Visa Inc. Fiscal Q2 2025 Earnings Report Summary

Strong Operating Metrics Despite Litigation Charges

Visa (NYSE: V) reported its fiscal second quarter 2025 results, demonstrating resilient consumer spending and solid core growth across all major business lines despite litigation-related expenses.

Key Highlights (GAAP vs.
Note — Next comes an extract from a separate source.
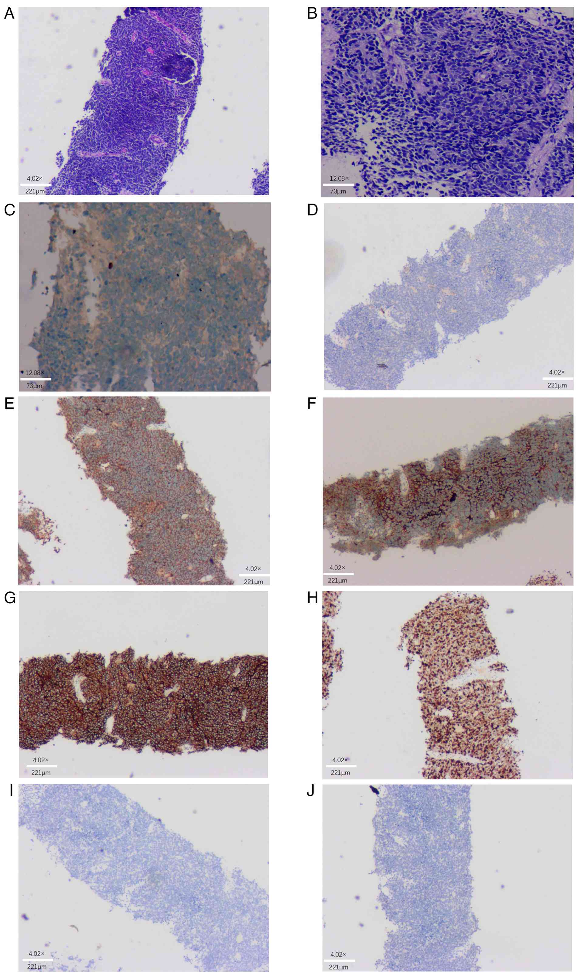 In Case 1, the immunohistochemical profile included chromogranin A (+), synaptophysin (+) and CD56 (+), all of which are established and highly specific markers for neuroendocrine differentiation. The positivity for these markers, along with the characteristic small cell morphology and high Ki-67 index (~70%), strongly supports the diagnosis of SCNEC. While analyses for pro-gastrin-releasing peptide, neuron-specific enolase and insulinoma-associated protein 1 were not routinely performed in this case, their absence does not undermine the diagnostic certainty, as the combination of chromogranin A, synaptophysin and CD56 is widely regarded as sufficient for diagnosing SCNEC in clinical and pathological practice (2). Furthermore, TTF-1 positivity (as reported) is also frequently associated with a small cell morphology and further supports the diagnosis (6).

Non-GAAP)

Metric GAAP Result YoY % Change Non-GAAP Result YoY % Change
Net Revenue $9.6B +9% — +11% (CC*)
Net Income $4.6B -2% $5.4B +6%
Earnings Per Share (EPS) $2.32 +1% $2.76 +10%
Operating Expenses $4.2B +22% $3.1B +7%
Effective Tax Rate 15.8% flat 16.9% +1 ppt
Processed Transactions 60.7B +9% — —
Cross-Border Volume (ex-EU) — +13% — —
*CC = Constant Currency

Operational Drivers
Payments Volume: +8% YoY (constant-dollar)

Cross-Border Volume (ex-EU): +13% YoY

Data Processing Revenue: +10% to $4.7B

Service Revenue: +9% to $4.4B

International Transaction Revenue: +10% to $3.3B

Client Incentives: $3.7B, up 15%

Significant Items Impacting GAAP Results
$1.0B litigation provision (vs. $430M last year) related to interchange MDL.

Equity investment losses of $23M.

$96M amortization & acquisition-related charges.

Capital Return & Share Buybacks
Returned $5.6B via share repurchases and dividends in Q2.

13 million shares repurchased at an avg. $340.26.

New $30B multi-year repurchase plan authorized.

Quarterly dividend of $0.59/share declared, payable June 2.

Balance Sheet Snapshot (as of March 31, 2025)
Cash & Equivalents: $11.7B

Investment Securities: $3.5B

Total Assets: $92.9B

Total Liabilities: $54.8B

Total Equity: $38.0B

CEO Commentary
“Visa delivered another solid quarter... Our focus on innovation, value-added services, and diversified business lines positions us well for continued growth,” – Ryan McInerney, CEO

Conclusion:
Despite ongoing legal charges, Visa posted strong operational growth and continues returning substantial capital to shareholders. Its reaffirmed strength in core payment volumes and aggressive buyback strategy underscore management's confidence in long-term fundamentals.